I define X=(pi/2).*sin(theta).*cos(phi) and Y=(pi/2).*sin(theta).*sin(phi); and theta=[0 pi/2]; phi=[0 2*pi].
So, I have started
syms X Y theta phi
theta=linspace(0,pi/2);
phi=linspace(0,2*pi);
X=(pi/2).*sin(theta).*cos(phi);
Y=(pi/2).*sin(theta).*sin(phi);
func1=(sinc(X/pi).*sinc(Y/pi)).^2;
func2={(sin(theta))^2}+{cos(theta)cos(phi)}^2;
func=func1*func2;
func3=sin(theta);
Function1=vpa(int(func,0,2*pi),5)*vpa(int(func3,0,pi/2),5)
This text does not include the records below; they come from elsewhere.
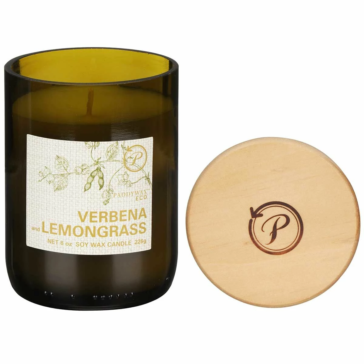 Paddywax Eco 226g Verbena and Lemongrass Green Recycled Glass Soy Candle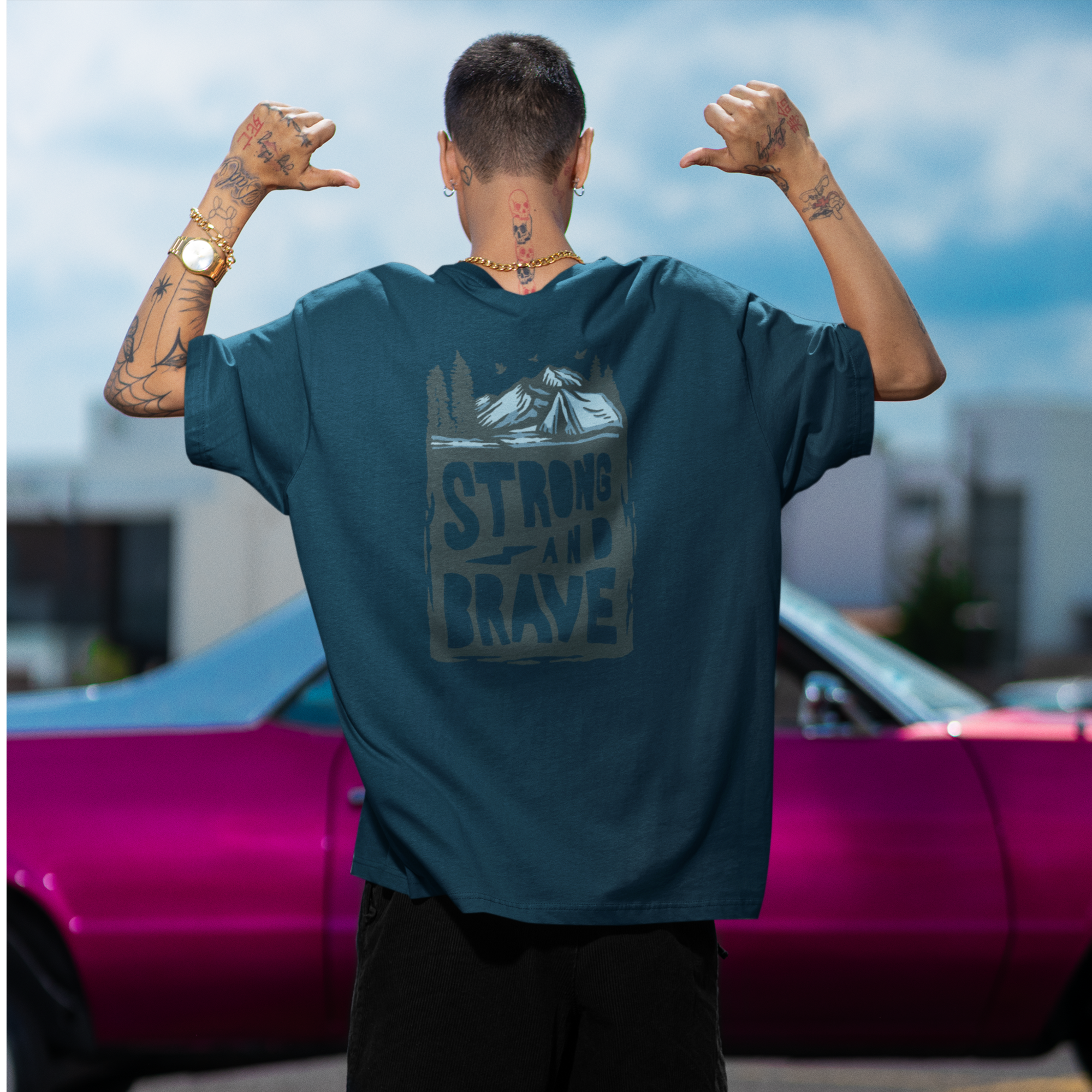 Overview; Designed with a street-style fit, these oversized t-shirts are the trend! They are made of thick, durable, and comfortable cotton. Side-seamed. Sustainable Inks used for Printing – water-based, toxin-free, and non-hazardous with a lower carbon footprint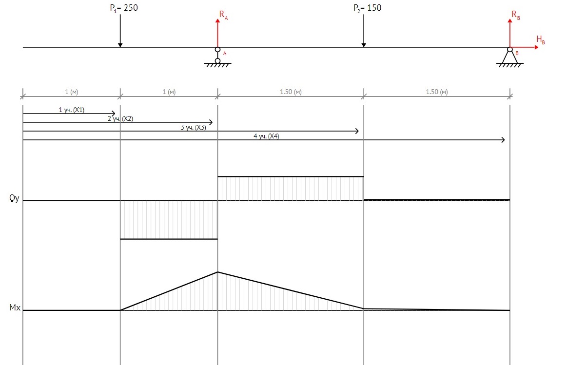 Конструктор не дает возможности рассчитать балку с одной опрой (а считать самостоятельно лень), т.к. считает ее в этом случае с перемещаемой опорой ( т. е. механизмом), или делает расчет только если балка защемленная. В нашем случае это не так. Приходится добавлять еще одну опору. Если угодно - опора А - центр оси прицепа, опора В - фаркоп (одна шарнирно подвижная (точка А), вторая шарнирно не подвижная (точка В). Их можно поменять местами - результат будет примерно такой же). Нагрузка условно приложена в местах где стойки ложементов приварены к раме, причем это не распределенная нагрузка, а именно точка приложения силы (в данном случае нагрузка от веса лодки). Схема условная и неточная - но для инженерных расчетов вполне сгодится. Кстати, Ваша схема такая же, только в качестве опор выбраны крепления рессоры.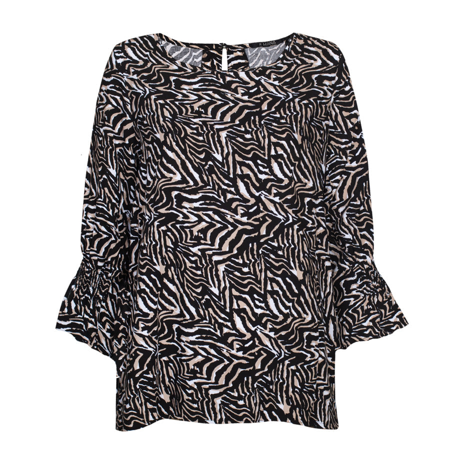Ez a női 3/4 ujjú póló kifinomult bézs mintájával rabul ejt, amely könnyedén párosítható bármilyen stílussal. Puha viszkózból készült, kellemes légáteresztő képességet, kényelmet és laza, mégis kifinomult megjelenést biztosít.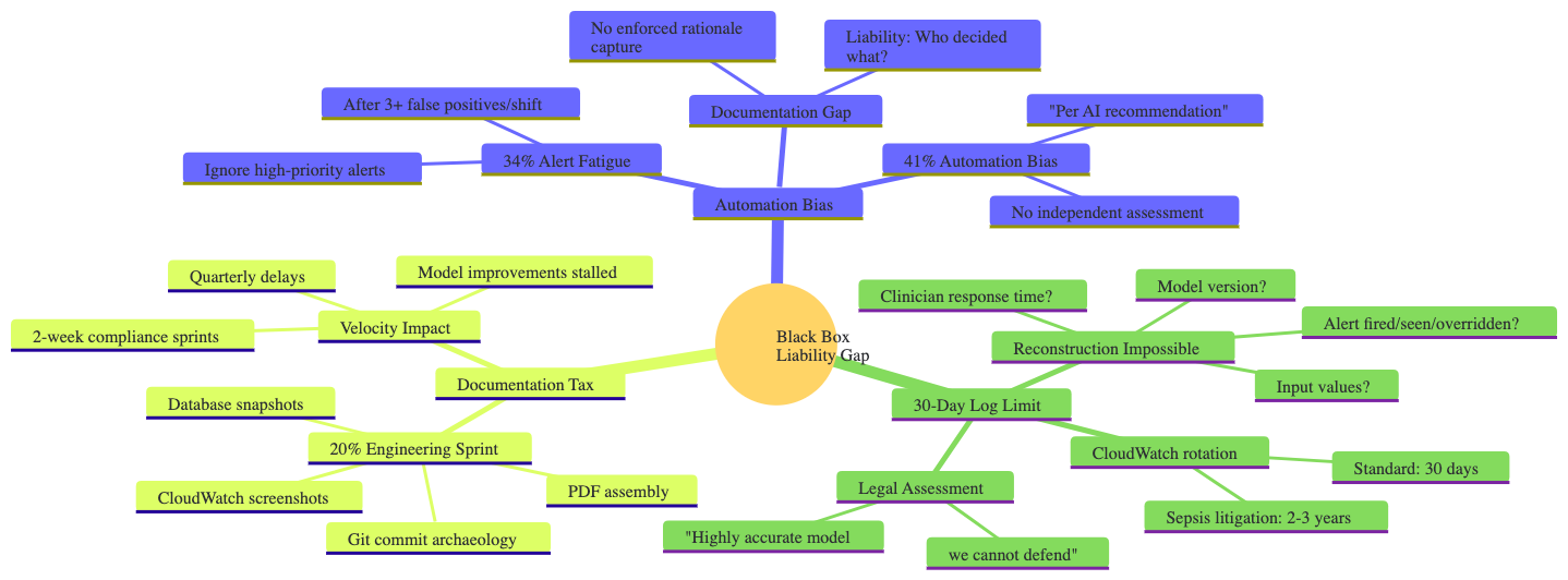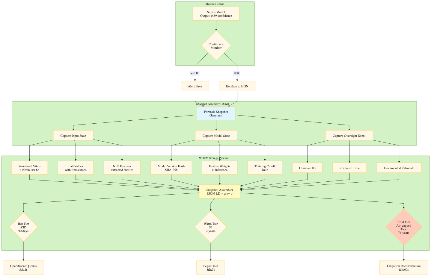 - Reconstruction Impossible: After 30 days, essential forensic data—including the exact model version, input values, and whether the alert was fired, seen, or overridden—was permanently lost.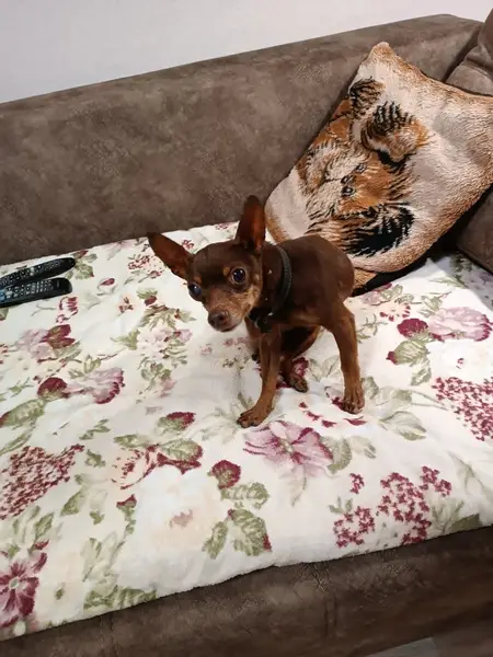 Черного цвета,лапки с коричневым окрасом,молодой, ему пол года, пропал на улице красноармейская 19, выбежал из гаража. Когда есть хочет, может укусить. Еще у него 4 клыка, еще не выпали и селина на шее.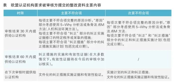 針對審核發(fā)現(xiàn)的不符合項(xiàng),歐盟認(rèn)證機(jī)構(gòu)要求被審核方提交原因分析、糾正措施等整改資料(詳見表)。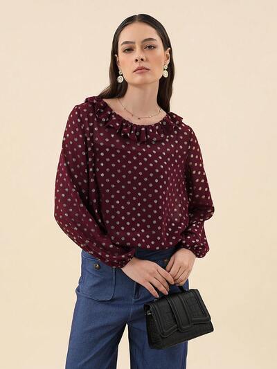 Polka Dot Print Ruffle Trim Blouse-32%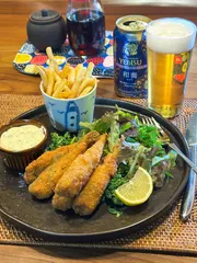 メヒカリのフライにレムラードソース、ポテトフライまで揃ったら、今夜はエビス〈和奏〉。

But I have also tried to rewrite
syms X Y theta phi
X=(pi/2).*sin(theta).*cos(phi);
Y=(pi/2).*sin(theta).*sin(phi);
Function1=@(theta,phi) ((sinc(X/pi).*sinc(Y/pi))^2 *((sin(phi))^2+(cos(theta)*cos(phi))^2))*(sin(theta));
E=integral2(Function1,0,pi/2,0,2*pi)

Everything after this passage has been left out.